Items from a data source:
——
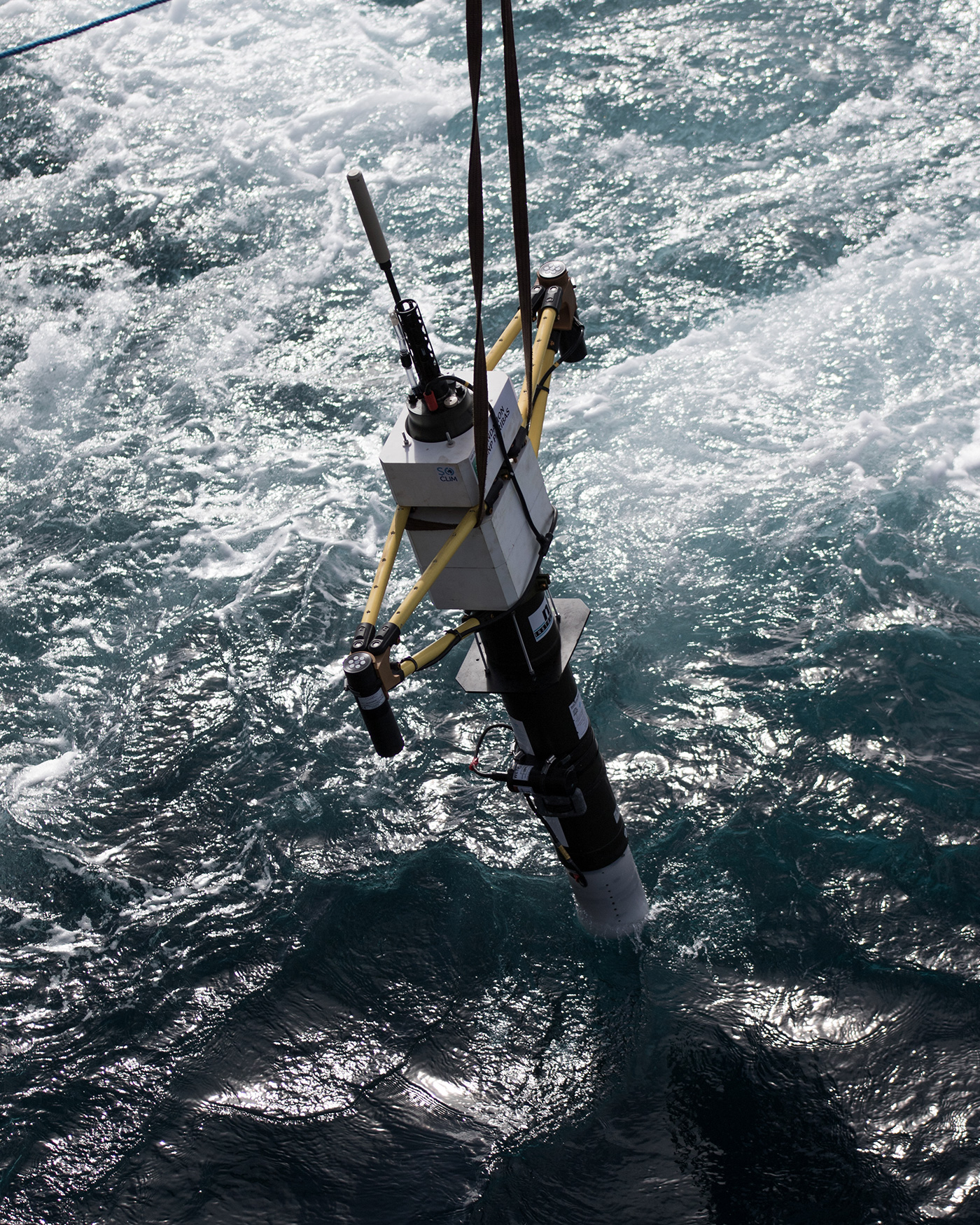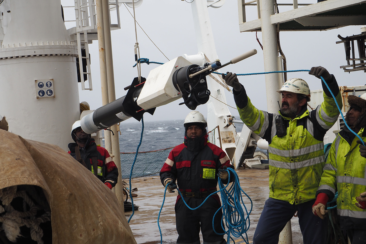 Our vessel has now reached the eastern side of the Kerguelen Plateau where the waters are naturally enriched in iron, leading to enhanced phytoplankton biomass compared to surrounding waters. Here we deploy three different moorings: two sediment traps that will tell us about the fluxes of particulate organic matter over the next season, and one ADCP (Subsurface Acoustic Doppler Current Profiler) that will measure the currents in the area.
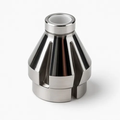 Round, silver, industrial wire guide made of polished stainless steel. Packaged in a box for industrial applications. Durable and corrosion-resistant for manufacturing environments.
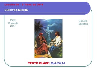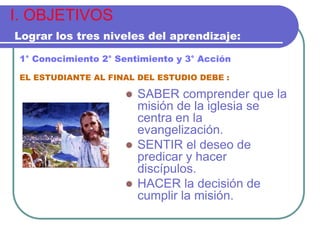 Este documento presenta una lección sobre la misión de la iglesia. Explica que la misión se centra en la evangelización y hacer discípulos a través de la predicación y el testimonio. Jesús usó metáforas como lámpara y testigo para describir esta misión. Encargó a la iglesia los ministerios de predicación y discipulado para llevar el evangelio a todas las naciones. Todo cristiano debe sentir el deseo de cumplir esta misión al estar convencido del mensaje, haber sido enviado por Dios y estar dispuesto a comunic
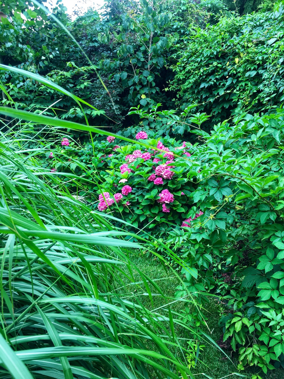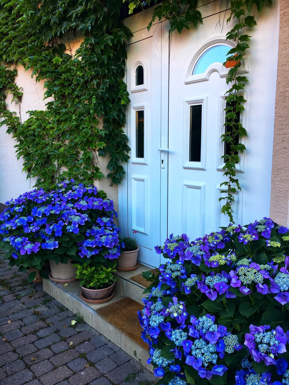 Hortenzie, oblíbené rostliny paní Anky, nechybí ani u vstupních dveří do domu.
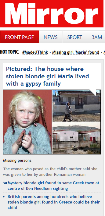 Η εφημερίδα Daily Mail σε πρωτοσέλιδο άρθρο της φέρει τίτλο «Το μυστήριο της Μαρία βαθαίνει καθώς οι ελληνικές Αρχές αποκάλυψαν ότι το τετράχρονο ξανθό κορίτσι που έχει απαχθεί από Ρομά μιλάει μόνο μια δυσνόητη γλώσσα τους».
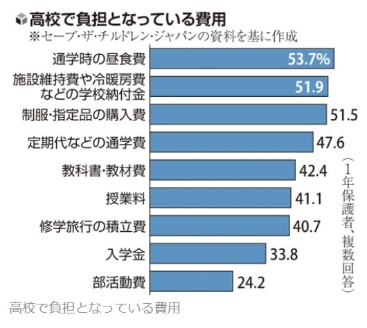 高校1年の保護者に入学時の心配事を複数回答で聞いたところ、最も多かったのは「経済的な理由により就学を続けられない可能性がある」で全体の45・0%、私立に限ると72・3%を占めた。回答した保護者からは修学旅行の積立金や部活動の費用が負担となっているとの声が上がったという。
——
Word for word, please reproduce each entry above and leave out every picture.

• _Solution_:
 Our vessel has now reached the eastern side of the Kerguelen Plateau where the waters are naturally enriched in iron, leading to enhanced phytoplankton biomass compared to surrounding waters. Here we deploy three different moorings: two sediment traps that will tell us about the fluxes of particulate organic matter over the next season, and one ADCP (Subsurface Acoustic Doppler Current Profiler) that will measure the currents in the area.
 Round, silver, industrial wire guide made of polished stainless steel. Packaged in a box for industrial applications. Durable and corrosion-resistant for manufacturing environments.
 Este documento presenta una lección sobre la misión de la iglesia. Explica que la misión se centra en la evangelización y hacer discípulos a través de la predicación y el testimonio. Jesús usó metáforas como lámpara y testigo para describir esta misión. Encargó a la iglesia los ministerios de predicación y discipulado para llevar el evangelio a todas las naciones. Todo cristiano debe sentir el deseo de cumplir esta misión al estar convencido del mensaje, haber sido enviado por Dios y estar dispuesto a comunic
 Hortenzie, oblíbené rostliny paní Anky, nechybí ani u vstupních dveří do domu.
 Η εφημερίδα Daily Mail σε πρωτοσέλιδο άρθρο της φέρει τίτλο «Το μυστήριο της Μαρία βαθαίνει καθώς οι ελληνικές Αρχές αποκάλυψαν ότι το τετράχρονο ξανθό κορίτσι που έχει απαχθεί από Ρομά μιλάει μόνο μια δυσνόητη γλώσσα τους».
 高校1年の保護者に入学時の心配事を複数回答で聞いたところ、最も多かったのは「経済的な理由により就学を続けられない可能性がある」で全体の45・0%、私立に限ると72・3%を占めた。回答した保護者からは修学旅行の積立金や部活動の費用が負担となっているとの声が上がったという。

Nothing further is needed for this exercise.